Cyber Incident Victim: Activision Blizzard
Date:
Sep 2020
Location:
United States of America
Summary
Reports emerged that over 500,000 gaming accounts linked to Activision were potentially compromised, with credentials leaked publicly and account details altered to hinder recovery. The company denied any breach of its systems, stating investigations found no evidence of compromise, while security experts highlighted that such accounts are frequent targets for credential stuffing attacks due to password reuse across services. Affected players reported unauthorized access, with industry analysts noting stolen gaming credentials could facilitate further malicious activities like phishing campaigns.
| CIA Posture | Motives | Tactics, Techniques & Procedures |
|---|---|---|
| Available to members | 2 motives | 2 techniques |
| Threat Actors | Type | Location |
|---|---|---|
| 0 actors | Available to members | Available to members |
Description
On September 20, 2020, reports emerged alleging a security incident affecting Activision accounts tied to the Call of Duty franchise. The eSports publication Dexerto claimed a breach had occurred, with over 500,000 accounts potentially compromised. Publicly leaked credentials reportedly included login details, and attackers altered account information to obstruct legitimate owners from recovering access. Multiple gaming-related Twitter accounts amplified these claims, including @Okami from Respawnable, who validated the reports as legitimate and urged players to change passwords immediately. The incident primarily threatened players using Activision accounts for Call of Duty online services.

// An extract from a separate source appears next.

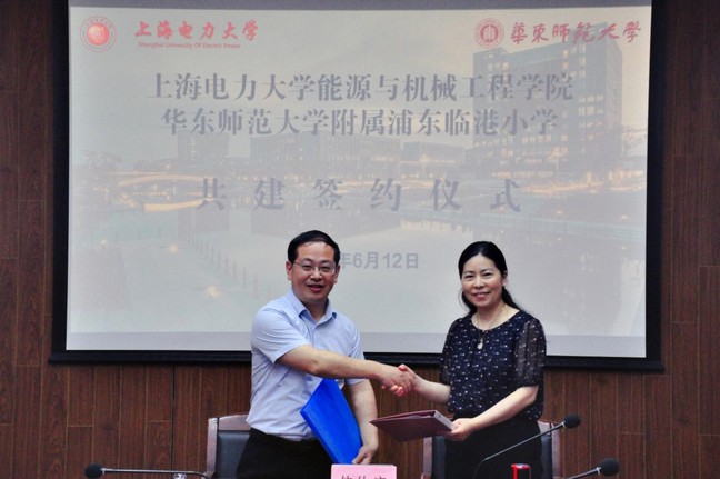 在与会人员的共同见证下,能源与机械工程学院与华东师范大学附属浦东临港小学签订了共建合作协议书。

Activision issued a denial on September 22, asserting no compromise of its systems had occurred and labeling external reports as inaccurate. The company directed users to its support page for security guidance but did not implement two-factor authentication (2FA) as an account protection measure at the time. Security experts contextualized the situation, noting that credential stuffing—exploiting passwords reused from other breached services—likely explained many user-reported account takeovers. Javvad Malik of KnowBe4 highlighted the attractiveness of gaming accounts to attackers due to typically weak user security practices, while Tripwire's Dean Ferrando warned that compromised accounts could facilitate phishing campaigns or other secondary attacks. Despite Activision's denial, player complaints of unauthorized access persisted, underscoring the operational impact of credential reuse across unrelated platforms.